§ Prompt
Transcribe exactly, and only, the lines that fall between the line containing "1 Dije Hiperstena" and the last line of the material, both ends included, omitting any pictures.

──────── Data section ────────

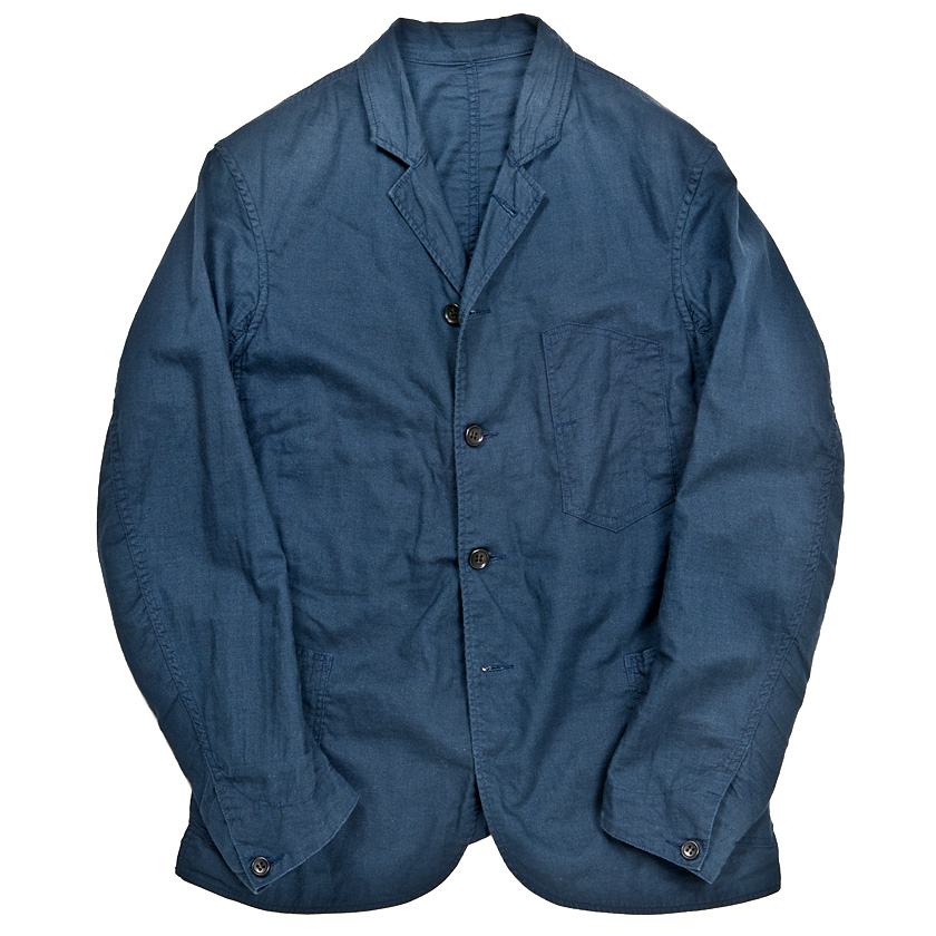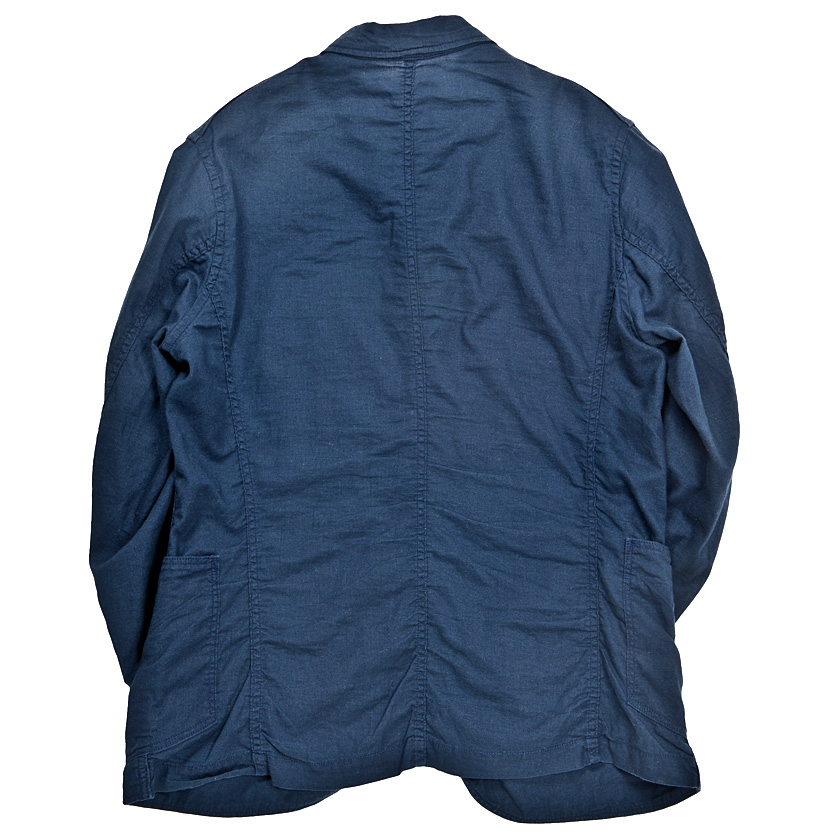 単なるジャケットではつまらないので、デザインはレイルロードジャケットを取り入れ、素材は綿・麻を繊維の段階で混ぜ、糸にして織りあげた生地を使いました。麻独特のハリがありながら、チクチクせず、糸も自然なムラがでています。
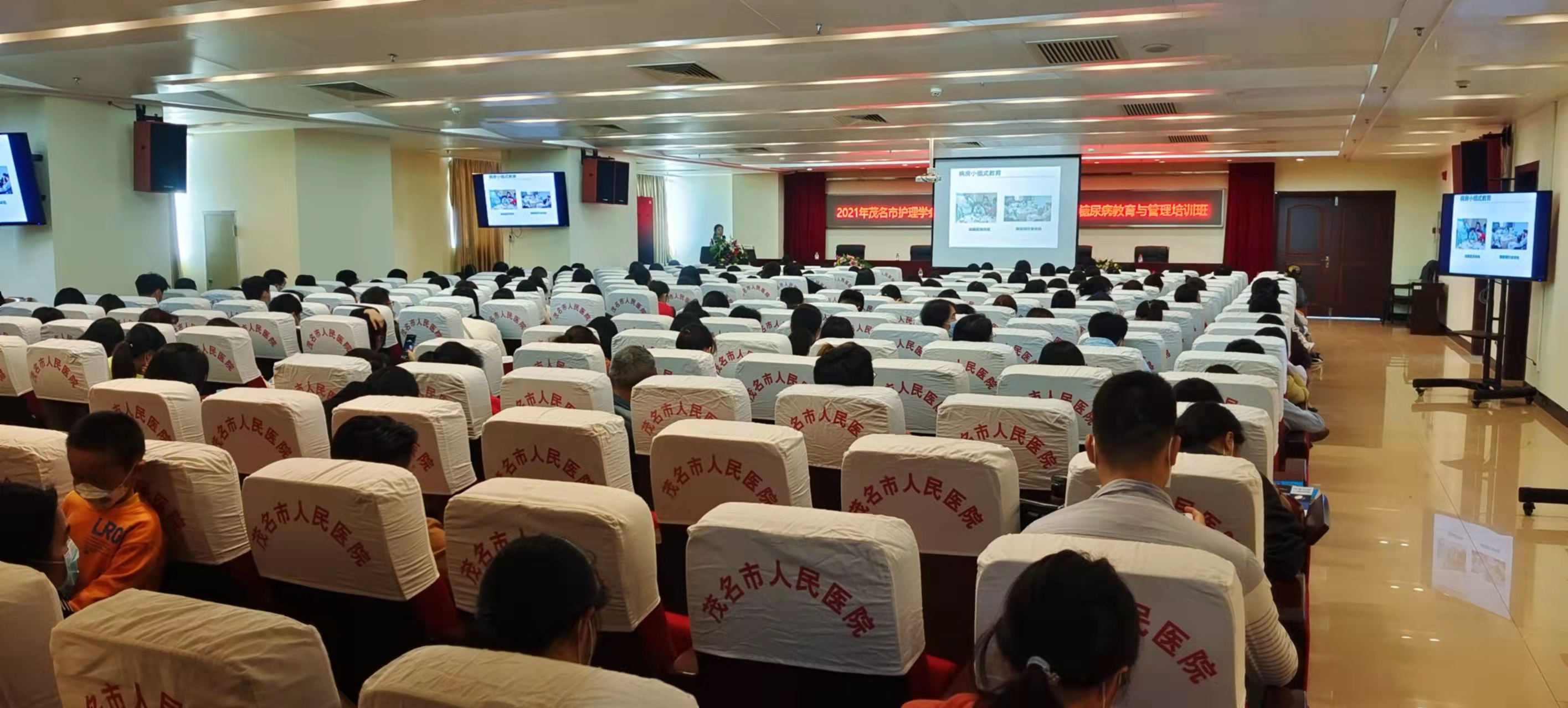 11月13月,由茂名市护理学会糖尿病护理专业委员会举办的2021年茂名市护理学会糖尿病专业委员会年会暨糖尿病教育与管理培训班在茂名市人民医院召开。此次培训班邀请了中山大学附属第三医院护士长胡细玲及茂名市糖尿病领域专家莅临授课,以“教育、管理”为主题,采用了理论授课、现场问答、临床护理查房等方式介绍了糖尿病护理教育与管理的新热点、新业务、新知识等,为全市护士搭建了学术交流平台。茂名市200多名护理同仁参加,共享学术盛宴。
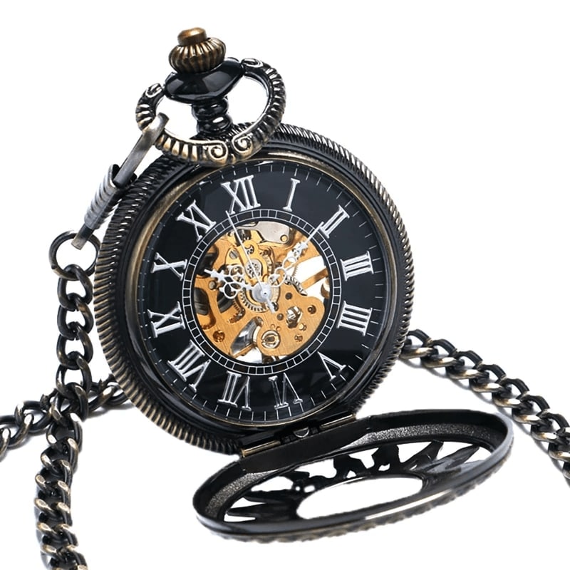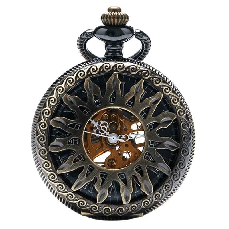 This sun pocket watch is exactly what has been missing from your collection! Source of life, centre of the world, star of day and light, associated with fire and gold, the sun is a divine symbol of creative strength. Thanks to the skeleton case, you can admire the pocket watch mechanism as it ticks with time and brings the hands to life.
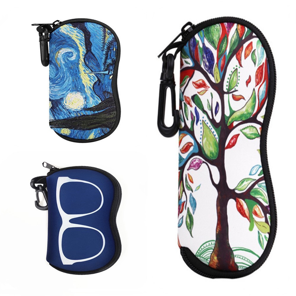 批发潜水料眼镜包防摔挂钩黑色太阳眼镜袋时尚印花眼睛盒
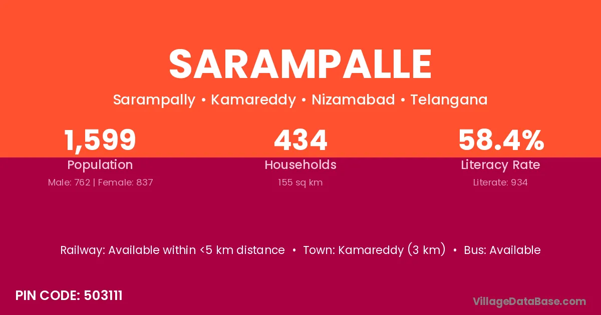 Sircilla (8 km) is the nearest town to Sarampalle village for major economic activities and is located approximately 8 km away.
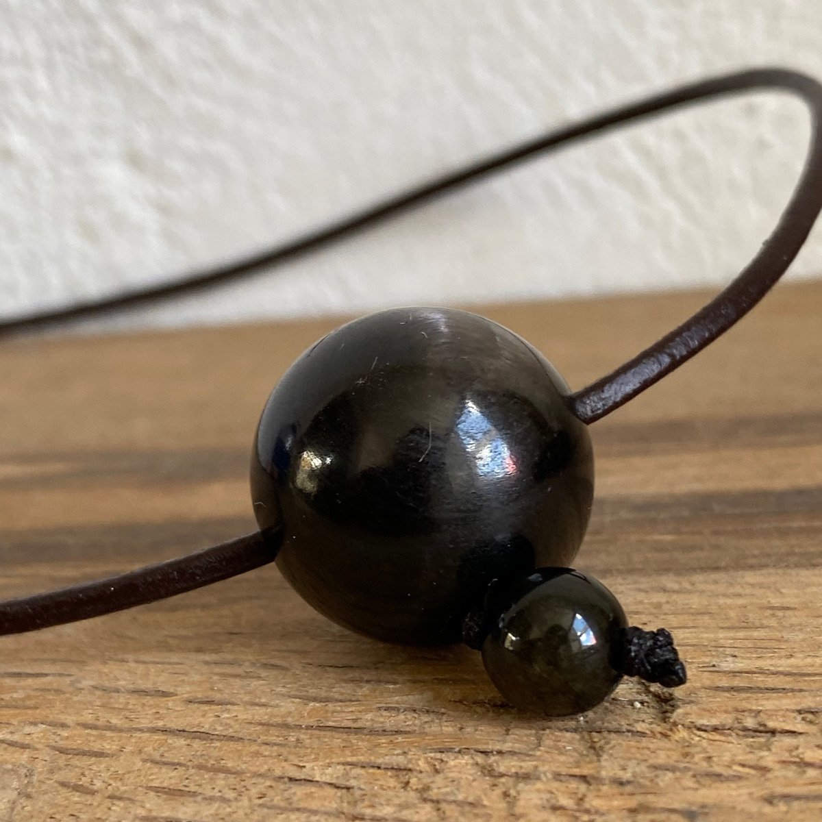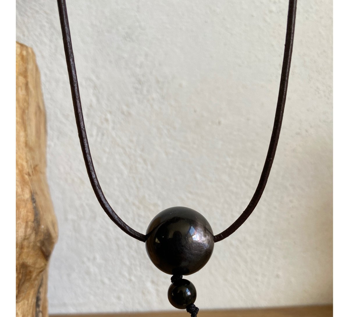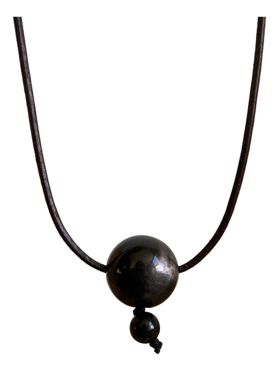 1 Dije Hiperstena Y Obsidiana Con Cordón Cuero Mineral Reiki
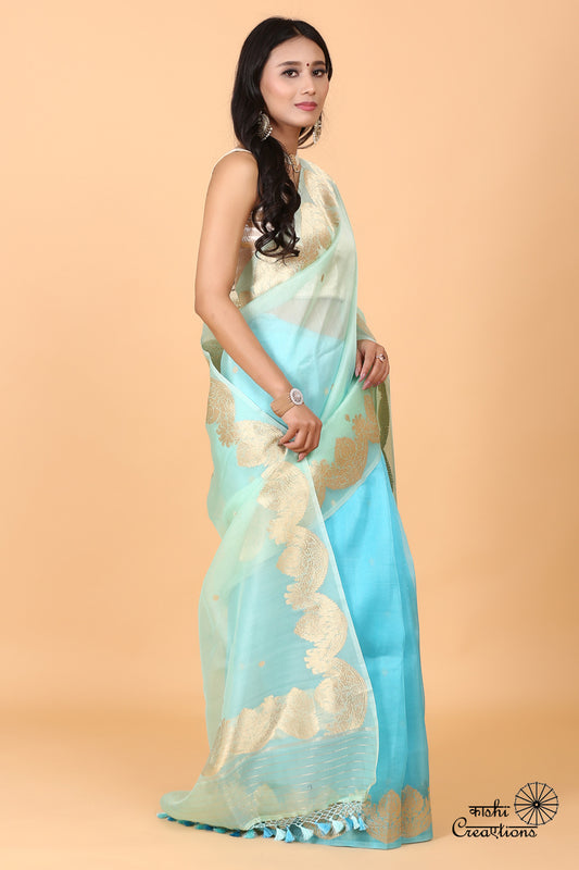 Sky Blue Shaded Pure Kora Silk Scallop Handloom Banarasi Saree

────────

§ Worked solution
 1 Dije Hiperstena Y Obsidiana Con Cordón Cuero Mineral Reiki
 Sky Blue Shaded Pure Kora Silk Scallop Handloom Banarasi Saree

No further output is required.